Se había tardado. Las crónicas periodísticas afirman que la presidenta municipal de Chihuahua rompió en llanto en el preciso momento en que agradecía a esos hombres y mujeres “que a diario luchan por hacer de Chihuahua una mejor ciudad comenzando en casa”. Nadie duda de las capacidades histriónicas de la alcaldesa, puestas al servicio de sí misma para conquistar en varias campañas los cargos públicos que ha ocupado, que por lo visto sí le traen dividendos, aunque por razones extrañas, también le acarrea pocos adeptos a sus arengas públicas.

Besar y abrazar niños, aunque parezca cliché de churro hollywoodense, aún se practica en tierras marujanas; hacer campaña con férula ortopédica, anunciar por Facebook que va en carretera a su encuentro con el Papa y endulzar sus intervenciones mediáticas es cosa común para María Eugenia Campos, quien a golpe de lágrimas ya ha rebasado lo gemebundo al infame exrector de la UACH, Enrique Séañez.

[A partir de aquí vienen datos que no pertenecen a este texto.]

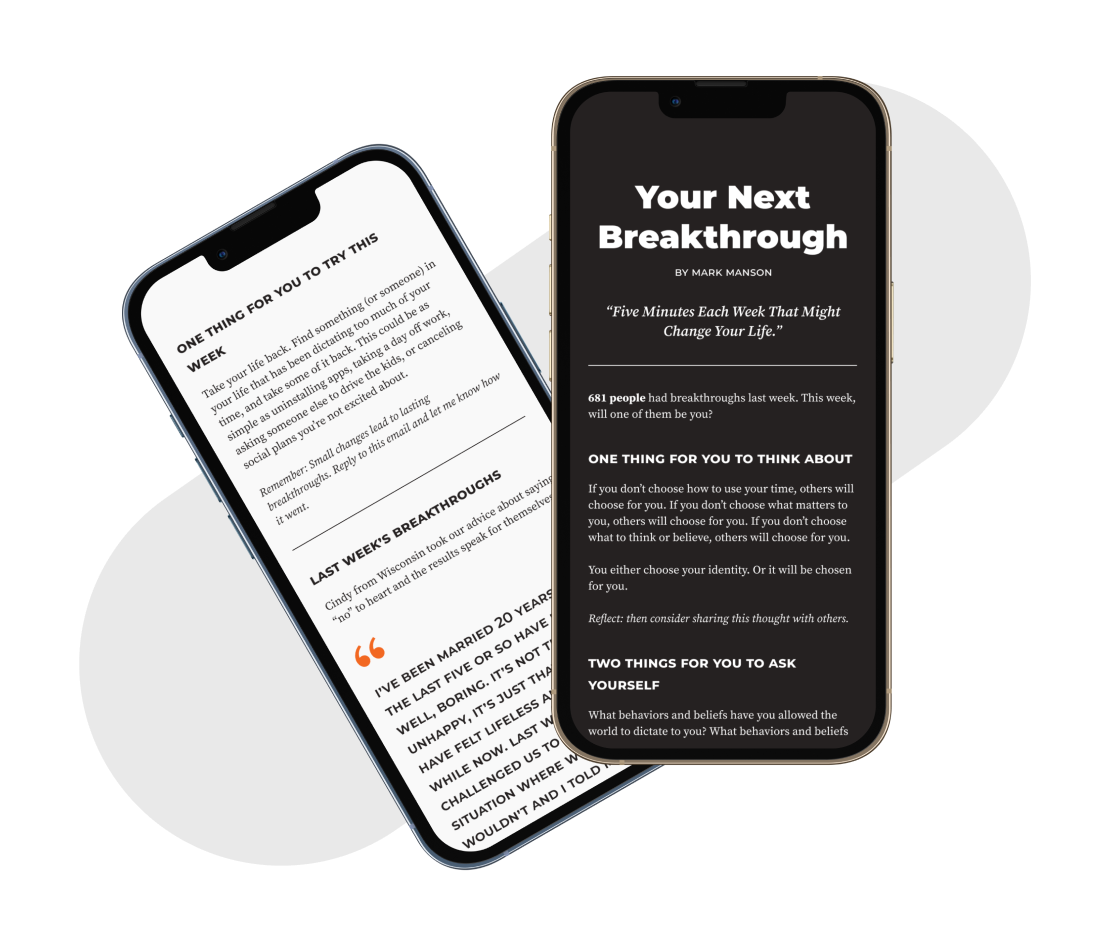Enter your email address below to sign up for my free newsletter, Your Next Breakthrough. Each week, you’ll receive a few prompts and exercises designed to create your next breakthrough. No fluff, no filler, no BS. Just five minutes each week that might change your life.

Llorar para conmover. En Chihuahua se usa el poder público para la provocación facilona, el sentimentalismo utilitario antes que la estrategia política seria y el respeto irrestricto a la Constitución que se juramentó respetar. Antes que a un Abraham González –que ya es mucho pedir y es tan del gusto del gobierno panista– tenemos entre nosotros a una Victoria Ruffo, la actriz de telenovelas que si bien se ha apoyado sentimentalmente en políticos, es más famosa por fortalecer la industria de la lágrima.

Ojalá los chihuahuenses no seamos protagonistas de una nueva edición de la “consagración duartista al sagrado corazón” ni nos levantemos un día de estos con un edicto de Palacio para suspirarle, gemirle y llorarle a Santa Maru en este valle de lágrimas.